Linking Extreme Cold and Snow to Global Warming: An Extreme Climate Conundrum?

The debate on extreme weather and its linkage to Global Warming (warming due to rising levels of CO2) is heating up again. Stories on extreme weather are replete in many […]
Published on January 19, 2022

The debate on extreme weather and its linkage to Global Warming (warming due to rising levels of CO2) is heating up again. Stories on extreme weather are replete in many news sites. In Canada, the news media has been covering weather events from Victoria to St. John’s. Among the notable weather events that were reported were:

  • A record-breaking temperature of 49.5C at Lytton BC on June 29 which was associated with a number of wild fires;
  • The extensive flooding in BC –during October and November, and;
  • Stories on the extreme cold excessive snow reported across the country.

Besides these weather stories, the Canadian media also covered the proceedings of the COP26 meeting held in Glasgow in November 2021. The COP (Committee of Parties) meeting is an annual event organized by the UN climate body the IPCC (Inter-governmental Panel on Climate Change) and is convened to discuss emission reduction targets by various States. The meeting opened with passionate speeches by well-known environmentalists and the UN Secretary General Antonio Guterres who urged member states to drastically reduce CO2 emissions to keep future warming of the climate under 1.5C, in order to avoid a climate catastrophe. Several examples of heat waves, floods and droughts in various parts of the world with harmful impacts were discussed by various climate experts.

Linking heat waves, floods, and droughts to Global Warming is logical, as the IPCC scientists have been telling again and again that such Warm Weather Events would increase in a warmer world. But linking extreme cold temperatures across the prairies and in parts of BC to Global Warming as a Vancouver weather-forecaster did few days ago, while explaining frigid weather to the CBC TV anchor is stretching the credibility of the art of forecasting

Reasonable Canadians are beginning to ask: Is there any climate event that is not linked to global warming?

Is Global Warming (GW) now a magic wand which can be used to explain any climate event that is deemed extreme?

Has the science of Global Warming been so oversimplified in Canada that any weather extreme, — recent blizzard in Pakistan, heavy snows in eastern Canada or the Prairie drought of last summer can be explained using these buzz words:  Global Warming!

What is the climate reality? Does Global Warming still persist? Let us look at the latest global temperature data, as collected by the satellite data expert Dr. Roy Spencer.

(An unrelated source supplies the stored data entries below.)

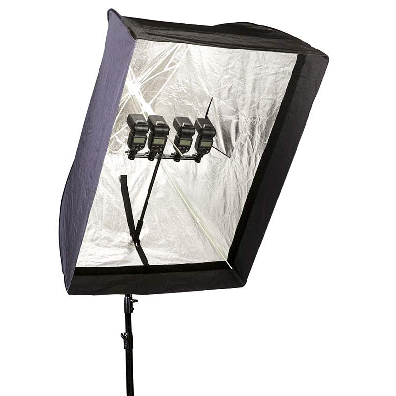 • Halterungen für bis zu 4 Blitzgeräte (NICHT Sony/Minolta System)
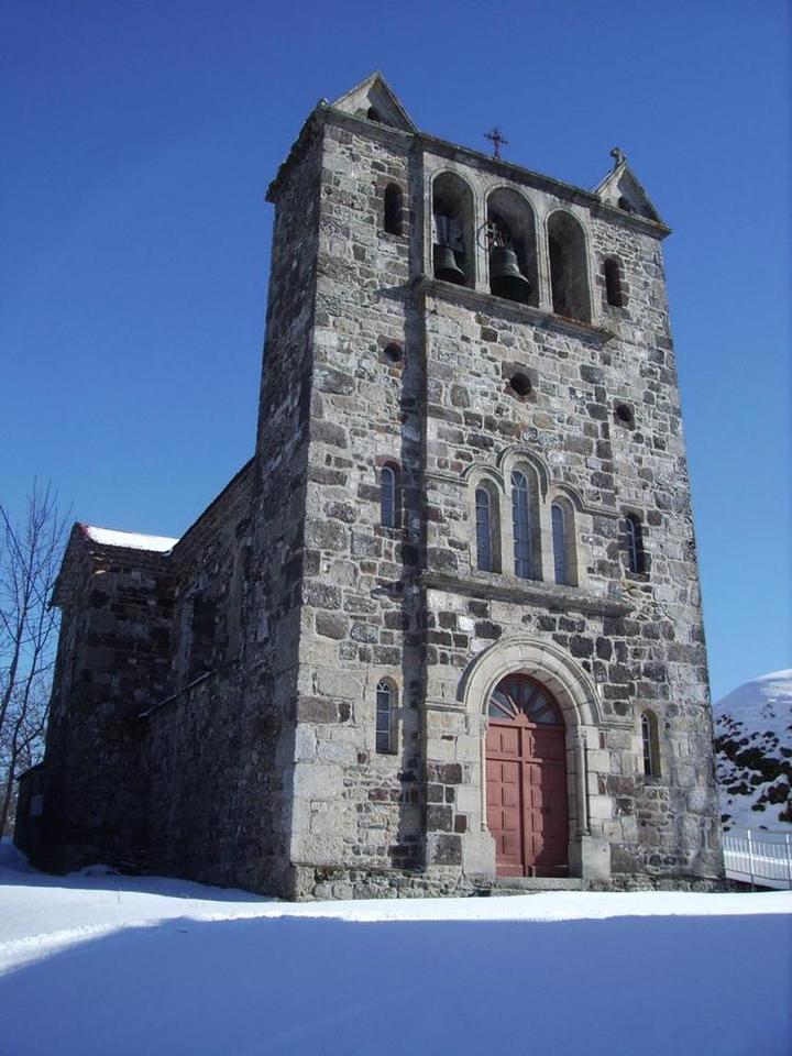 Elle est construite sur le modèle de la cathédrale du Puy en roches volcaniques provenant de l'ancienne église située sur le piton rocheux tout à côté et, qui était devenue trop petite. Le patrimoine est d'ailleurs en cours de restauration.
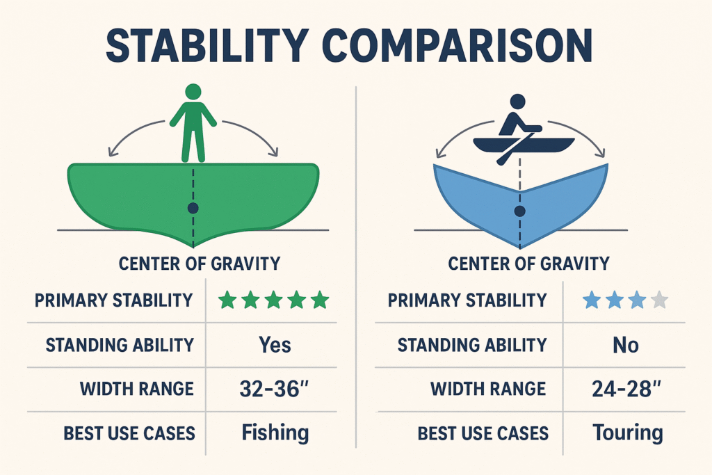 | Stability | Excellent – Wide beam (32-36″), flat hull design | Good – Narrower V-shaped hull, less stable at rest |
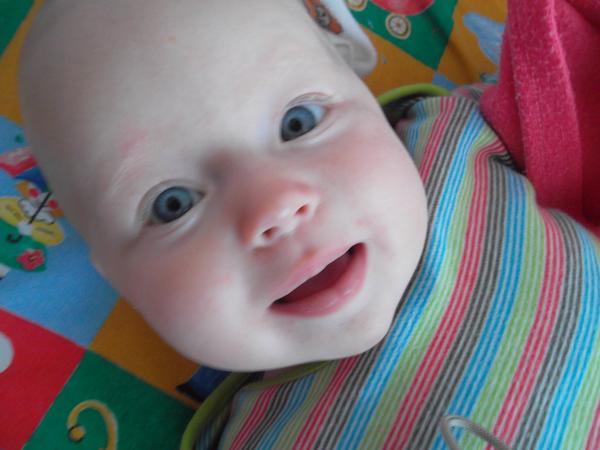 Na prvej fotke má Sofinka 3 mesiace a na druhej má 1 rok a 1 mesiac
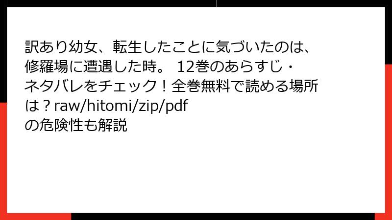 結局、海賊版は一時的な満足でしかなく、長期的に損をする選択。『訳あり幼女、転生したことに気づいたのは、修羅場に遭遇した時。 12巻』のような魅力的な作品を、正しく楽しむことで、漫画文化を支えましょう。

The graph shows global temperature variations of the lower troposphere (surface to about 10 km) since 1979. The mean temperature is declining slightly for 2021. According to Dr. Spencer, the year 2021 is the eighth warmest year, after 2016, 2020, 1998, 2019, 2017, 2010, and 2015 (2016 being the warmest year, so far).

This graph also shows peaks at selected years. Strong El Nino events (warming of the ocean surface in the central and eastern tropical Pacific Ocean). occurred in 1998 and 2016 which generally increases the global mean temperature by about 0.2C. A La Nina (ocean cooling) event which generally lowers the global mean temperature is evident for 2021. If the abnormal temperatures for 1998,2016, and 2021 are removed, there is essentially no warming of the climate; one could even infer a slight cooling of the earth’s climate in recent years.

Overall, it is not clear that the world’s temperature is, in fact, warming or cooling. So far, scientists are speculating on whether or not the global temperature will change in a consistent way over the next decade or two. No one really knows.

Thus, the crucial question is: Should Canada and the rest of the world spend trillions of dollars to reduce Global Warming, which is so elusive?

There is no climate catastrophe.  Linking extreme cold and snow to Global Warming is a stretch with no scientific merit.

 

P.S. – The big blizzard in Toronto and Ottawa two days ago (January 18, 2021) is part of natural climate variability and has no link to Global Warming. We could see more such extreme cold events this winter season.

 

Madhav Khandekar is a former Environment Canada scientist and was an expert reviewer for the IPCC 2007 climate change documents. Khandekar has been in the fields of weather & climate science for over 60 years; while at Environment Canada, Khandekar wrote a book “Operational analysis and prediction of ocean wind waves” published by Springer-Verlag in 1989: Khandekar lives in Toronto and continues his interest in global weather anomalies and monsoon interannual variability.